Silvana observou Amélia, notando seus olhos levemente avermelhados, mas com uma expressão incrivelmente estável. Permaneceu em silêncio por um longo tempo.
Durante todos esses anos, parecia que Amélia havia se tornado extremamente habilidosa em ajustar suas próprias emoções.
Era como se ela tivesse criado uma enorme concha protetora dentro de si; quando ficava triste, recolhia-se ali para descansar. Depois que a dor era absorvida, ela conseguia voltar a agir como se nada tivesse acontecido.
Mas Silvana não sabia se essa concha realmente conseguia absorver tantas emoções negativas.
Se algum dia essa proteção desabasse de repente, Silvana nem ousava imaginar as consequências.
"Está bem."
O plano de Gregório, ao que tudo indicava, não tinha funcionado como ele esperava.

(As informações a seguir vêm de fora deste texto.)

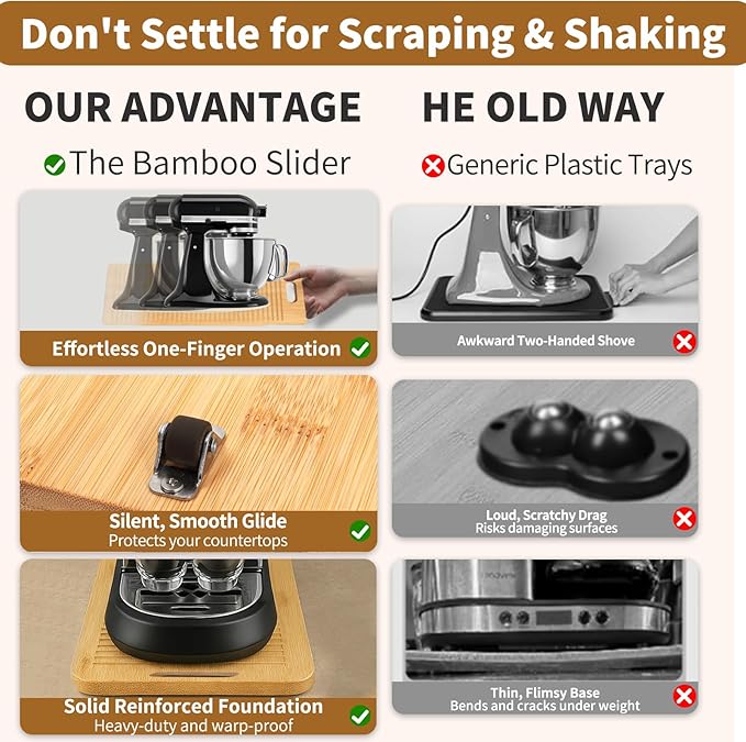 - 【Sturdy and Durable Construction】The coffee pot slider tray is made from 100% natural bamboo with a strong three-layer design and a thickness of up to 0.6 inches, capable of supporting heavy appliances up to 40 lbs without warping or bending, and even if coffee or juice spills, the tray won’t be damaged, ensuring long-term, reliable use in your kitchen

Ele queria que Amélia desse o primeiro passo para uma reconciliação, retomasse o casamento e, assim, curasse o orgulho ferido de quando foi deixado para trás.
No entanto, depois de tantos anos, a irmã dela, sob a influência da mãe, já não tinha mais a autoconfiança e a coragem que possuía quando vivia com a Família Lemos.

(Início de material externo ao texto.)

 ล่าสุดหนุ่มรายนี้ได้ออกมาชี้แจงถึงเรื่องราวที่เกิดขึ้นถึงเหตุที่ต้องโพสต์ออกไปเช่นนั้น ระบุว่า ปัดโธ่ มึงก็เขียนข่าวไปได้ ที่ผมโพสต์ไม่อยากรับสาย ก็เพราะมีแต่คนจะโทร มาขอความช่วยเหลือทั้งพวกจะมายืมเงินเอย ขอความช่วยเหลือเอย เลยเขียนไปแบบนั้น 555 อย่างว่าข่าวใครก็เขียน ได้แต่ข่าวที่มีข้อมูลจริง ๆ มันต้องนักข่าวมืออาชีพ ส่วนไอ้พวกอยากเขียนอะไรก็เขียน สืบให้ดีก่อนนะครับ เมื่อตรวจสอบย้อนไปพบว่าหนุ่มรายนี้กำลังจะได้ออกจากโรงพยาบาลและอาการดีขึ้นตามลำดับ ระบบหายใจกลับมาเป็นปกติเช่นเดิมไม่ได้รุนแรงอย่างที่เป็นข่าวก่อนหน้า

Ela havia decidido se esconder como um tatu-bola.
E era um tatu-bola que pretendia se manter assim por toda a vida.
"Mesmo que você decida se casar às pressas, espere pelo menos três meses antes de tomar qualquer decisão precipitada."
Afinal, Silvana e Gregório tinham sido colegas por um tempo. Considerou esse conselho como forma de retribuir a ajuda que ele lhe ofereceu quando a Família Lemos passou por dificuldades.

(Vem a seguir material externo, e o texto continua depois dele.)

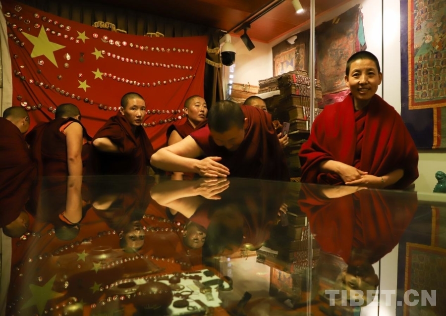 圖為尼眾在尼池拉康民族團結(jié)系列館參學(xué)

Quanto ao desfecho, dependeria apenas da sorte dele.
Amélia hesitou por um instante, depois assentiu.
"Está bem."
Três meses depois, ela saiu do Grupo Silva.
A situação da Família Lemos também já estava completamente estabilizada.
A mágoa no coração de Gregório provavelmente já havia se dissipado.
Ele era tão orgulhoso que certamente não faria nada que deixasse todos em uma situação desconfortável.
À tarde.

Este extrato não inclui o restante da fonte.